Two lines in the data below mark the range: the one with "Godin REGENCE - Maintenance" and the one with "This dog was". Return both, along with every line between them, exactly.

[EXERCISE MATERIALS Boundary: Start]

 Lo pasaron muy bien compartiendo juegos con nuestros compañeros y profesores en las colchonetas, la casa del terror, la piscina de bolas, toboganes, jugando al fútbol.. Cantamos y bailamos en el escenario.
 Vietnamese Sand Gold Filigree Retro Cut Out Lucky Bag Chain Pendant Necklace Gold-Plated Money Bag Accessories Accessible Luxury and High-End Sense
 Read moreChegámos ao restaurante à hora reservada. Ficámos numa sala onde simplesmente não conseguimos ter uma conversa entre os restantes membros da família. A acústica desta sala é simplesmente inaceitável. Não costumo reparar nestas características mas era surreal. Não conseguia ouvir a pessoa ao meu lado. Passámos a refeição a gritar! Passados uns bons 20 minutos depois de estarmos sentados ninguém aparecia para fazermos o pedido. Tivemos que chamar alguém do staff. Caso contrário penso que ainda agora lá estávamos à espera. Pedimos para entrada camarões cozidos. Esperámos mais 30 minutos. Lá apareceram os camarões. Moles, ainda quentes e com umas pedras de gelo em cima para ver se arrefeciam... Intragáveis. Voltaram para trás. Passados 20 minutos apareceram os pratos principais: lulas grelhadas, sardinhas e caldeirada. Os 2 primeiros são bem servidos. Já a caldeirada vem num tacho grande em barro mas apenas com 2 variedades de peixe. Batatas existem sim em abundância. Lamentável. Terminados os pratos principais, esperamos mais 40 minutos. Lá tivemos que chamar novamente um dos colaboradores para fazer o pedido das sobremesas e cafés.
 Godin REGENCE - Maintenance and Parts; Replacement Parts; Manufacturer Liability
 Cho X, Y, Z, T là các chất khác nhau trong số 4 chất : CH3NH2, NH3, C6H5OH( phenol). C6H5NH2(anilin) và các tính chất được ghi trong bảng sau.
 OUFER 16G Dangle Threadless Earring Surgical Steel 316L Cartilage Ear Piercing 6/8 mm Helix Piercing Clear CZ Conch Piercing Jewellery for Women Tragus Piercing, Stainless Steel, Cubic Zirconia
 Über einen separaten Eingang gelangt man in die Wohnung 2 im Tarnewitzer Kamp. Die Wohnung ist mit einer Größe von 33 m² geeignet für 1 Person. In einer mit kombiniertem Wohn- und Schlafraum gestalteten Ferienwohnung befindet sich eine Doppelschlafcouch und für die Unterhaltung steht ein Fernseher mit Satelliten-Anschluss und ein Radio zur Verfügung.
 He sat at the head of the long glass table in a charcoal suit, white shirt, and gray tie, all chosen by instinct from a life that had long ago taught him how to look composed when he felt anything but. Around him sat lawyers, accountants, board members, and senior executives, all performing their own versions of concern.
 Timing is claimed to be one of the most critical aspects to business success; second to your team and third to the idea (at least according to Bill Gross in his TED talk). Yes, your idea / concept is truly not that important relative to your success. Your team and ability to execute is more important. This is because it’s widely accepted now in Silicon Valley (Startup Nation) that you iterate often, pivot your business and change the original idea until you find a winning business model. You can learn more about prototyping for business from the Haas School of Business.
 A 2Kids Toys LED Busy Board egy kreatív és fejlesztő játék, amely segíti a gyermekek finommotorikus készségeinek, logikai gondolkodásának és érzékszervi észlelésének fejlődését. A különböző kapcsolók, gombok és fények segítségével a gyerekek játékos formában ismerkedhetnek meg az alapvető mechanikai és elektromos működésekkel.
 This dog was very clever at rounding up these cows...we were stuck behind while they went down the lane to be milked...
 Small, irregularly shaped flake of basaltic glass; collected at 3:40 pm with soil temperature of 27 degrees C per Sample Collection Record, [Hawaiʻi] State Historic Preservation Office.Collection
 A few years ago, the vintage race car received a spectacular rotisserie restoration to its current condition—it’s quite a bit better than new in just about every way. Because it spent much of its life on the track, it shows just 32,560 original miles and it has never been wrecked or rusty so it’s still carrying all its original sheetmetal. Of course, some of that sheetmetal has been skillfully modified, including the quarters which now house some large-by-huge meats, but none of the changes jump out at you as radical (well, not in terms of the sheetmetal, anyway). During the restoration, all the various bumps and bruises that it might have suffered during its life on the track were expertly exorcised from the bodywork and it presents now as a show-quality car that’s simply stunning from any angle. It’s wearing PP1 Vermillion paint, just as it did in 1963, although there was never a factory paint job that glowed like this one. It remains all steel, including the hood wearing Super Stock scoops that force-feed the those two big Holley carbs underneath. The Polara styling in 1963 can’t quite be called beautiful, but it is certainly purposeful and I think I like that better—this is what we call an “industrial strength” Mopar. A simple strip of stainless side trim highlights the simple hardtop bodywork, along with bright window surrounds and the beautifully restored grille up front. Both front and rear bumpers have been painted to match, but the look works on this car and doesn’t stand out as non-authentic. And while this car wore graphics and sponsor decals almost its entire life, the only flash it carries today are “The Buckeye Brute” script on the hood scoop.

[EXERCISE MATERIALS Boundary: End]

OUTPUT OF THE TASK:
 Godin REGENCE - Maintenance and Parts; Replacement Parts; Manufacturer Liability
 Cho X, Y, Z, T là các chất khác nhau trong số 4 chất : CH3NH2, NH3, C6H5OH( phenol). C6H5NH2(anilin) và các tính chất được ghi trong bảng sau.
 OUFER 16G Dangle Threadless Earring Surgical Steel 316L Cartilage Ear Piercing 6/8 mm Helix Piercing Clear CZ Conch Piercing Jewellery for Women Tragus Piercing, Stainless Steel, Cubic Zirconia
 Über einen separaten Eingang gelangt man in die Wohnung 2 im Tarnewitzer Kamp. Die Wohnung ist mit einer Größe von 33 m² geeignet für 1 Person. In einer mit kombiniertem Wohn- und Schlafraum gestalteten Ferienwohnung befindet sich eine Doppelschlafcouch und für die Unterhaltung steht ein Fernseher mit Satelliten-Anschluss und ein Radio zur Verfügung.
 He sat at the head of the long glass table in a charcoal suit, white shirt, and gray tie, all chosen by instinct from a life that had long ago taught him how to look composed when he felt anything but. Around him sat lawyers, accountants, board members, and senior executives, all performing their own versions of concern.
 Timing is claimed to be one of the most critical aspects to business success; second to your team and third to the idea (at least according to Bill Gross in his TED talk). Yes, your idea / concept is truly not that important relative to your success. Your team and ability to execute is more important. This is because it’s widely accepted now in Silicon Valley (Startup Nation) that you iterate often, pivot your business and change the original idea until you find a winning business model. You can learn more about prototyping for business from the Haas School of Business.
 A 2Kids Toys LED Busy Board egy kreatív és fejlesztő játék, amely segíti a gyermekek finommotorikus készségeinek, logikai gondolkodásának és érzékszervi észlelésének fejlődését. A különböző kapcsolók, gombok és fények segítségével a gyerekek játékos formában ismerkedhetnek meg az alapvető mechanikai és elektromos működésekkel.
 This dog was very clever at rounding up these cows...we were stuck behind while they went down the lane to be milked...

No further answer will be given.